From the Guidelines
All pregnant women should be screened for Hepatitis C virus (HCV) at their first prenatal visit, as it is a crucial step in managing the infection and preventing mother-to-child transmission. The risk of HCV transmission from mother to child is approximately 5-6%, with higher rates in women who are co-infected with HIV or have high viral loads 1.
Implications of HCV Infection in Pregnancy
HCV infection during pregnancy can lead to adverse fetal outcomes, including fetal growth restriction and low birthweight 1. Additionally, HCV-positive women are at a higher risk of preterm births, intrauterine fetal death, and small-for-gestational age babies 1.
Management of HCV Infection in Pregnancy
Direct-acting antiviral (DAA) therapy is typically postponed until after delivery, as these medications are not yet fully approved for use during pregnancy 1. However, in some cases, DAA therapy may be considered during pregnancy on a case-by-case basis, after a thorough discussion with the patient about the potential risks and benefits 1.

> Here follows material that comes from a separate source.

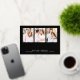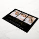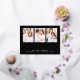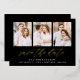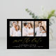 Announce your upcoming nuptials in style with our Elegant Script photo save the date card. The elegant save the date cards display 3 of your favourite engagement photos framed in black with "save the date" in a gold foil modern calligraphy script. Personalise the card by adding your names, wedding date, and wedding location. The minimalist save the date card reverses to a solid black background or a colour of your choice.

Breastfeeding and HCV Transmission
Breastfeeding is generally considered safe for HCV-positive mothers unless nipples are cracked or bleeding, as the risk of HCV transmission through breast milk is low 1.
Testing and Follow-up
Infants born to HCV-positive mothers should be tested for HCV RNA at 2-3 months of age and for HCV antibodies after 18 months of age when maternal antibodies have cleared 1. Once the mother has completed breastfeeding, she should be referred for HCV treatment with appropriate DAA regimens, which typically achieve cure rates exceeding 95% with 8-12 weeks of therapy 1.
Key Recommendations
- Screen all pregnant women for HCV at their first prenatal visit 1
- Postpone DAA therapy until after delivery, unless considered on a case-by-case basis 1
- Breastfeeding is safe for HCV-positive mothers unless nipples are cracked or bleeding 1
- Test infants born to HCV-positive mothers for HCV RNA and antibodies at recommended ages 1
From the Research
Implications of Hepatitis C Infection in Pregnancy
- Hepatitis C virus (HCV) infection in pregnancy carries an approximately 5% risk of transmission from mother to infant 2.
- Infection during pregnancy is associated with increased risk of adverse fetal outcomes, including fetal growth restriction and low birthweight 2, 3.

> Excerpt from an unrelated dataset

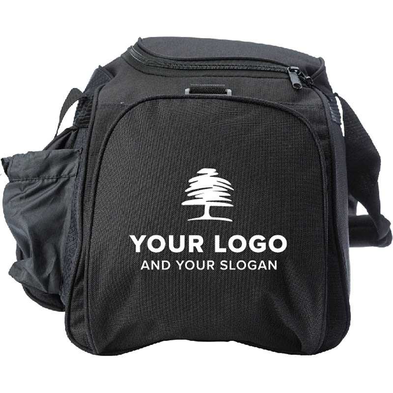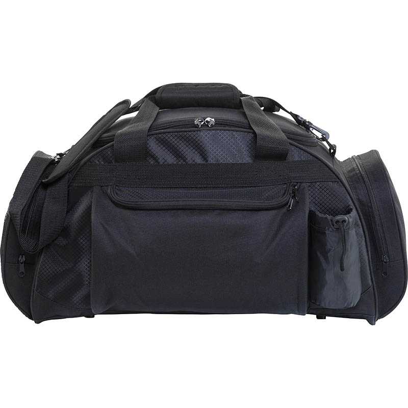 Polyester (600D) sports bag with a front zippered pocket, a side pocket for a bottle, a side pocket for a headset, and one large zipped compartment (bottle not included).

- HCV can be transmitted to the infant in utero or during the peripartum period 2, 3.
Screening and Management
- Obstetric care providers should screen women who are at increased risk for HCV infection by testing for anti-HCV antibodies at their first prenatal visit 2.
- HCV-positive pregnant women should be screened for other sexually transmitted diseases, including HIV, syphilis, gonorrhea, chlamydia, and hepatitis B virus 2.

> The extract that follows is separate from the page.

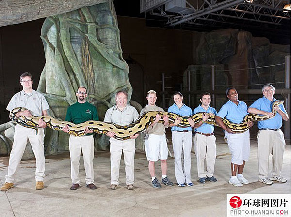 美国俄亥俄州一家动物园中生活着目前人类捕捉到的世界上身体最长的蛇——一条长达7.32米的蟒蛇。网纹蟒“绒毛(Fluffy)”被认为是笼中蛇之“寿星”。

- Patients with HCV, including pregnant women, should be counseled to abstain from alcohol 2.
Treatment
- Direct-acting antiviral regimens are not currently approved for use in pregnancy, and treatment should be deferred to the postpartum period 2, 4, 3.
- However, some studies suggest that directly acting antivirals (DAAs) may be considered in the late 2nd and early 3rd trimester, but more research is needed to determine their safety and efficacy in pregnancy 4.
Prevention of Vertical Transmission
- No perinatal intervention has been shown to reduce the risk of vertical transmission, but some may increase this risk 3.
- Cesarean delivery is not currently recommended for the sole purpose of reducing vertical transmission risk in pregnant women with HCV 2, 5.
- Breastfeeding is recommended in women with HCV, as the risk of transmission through breast milk is considered low 2, 5.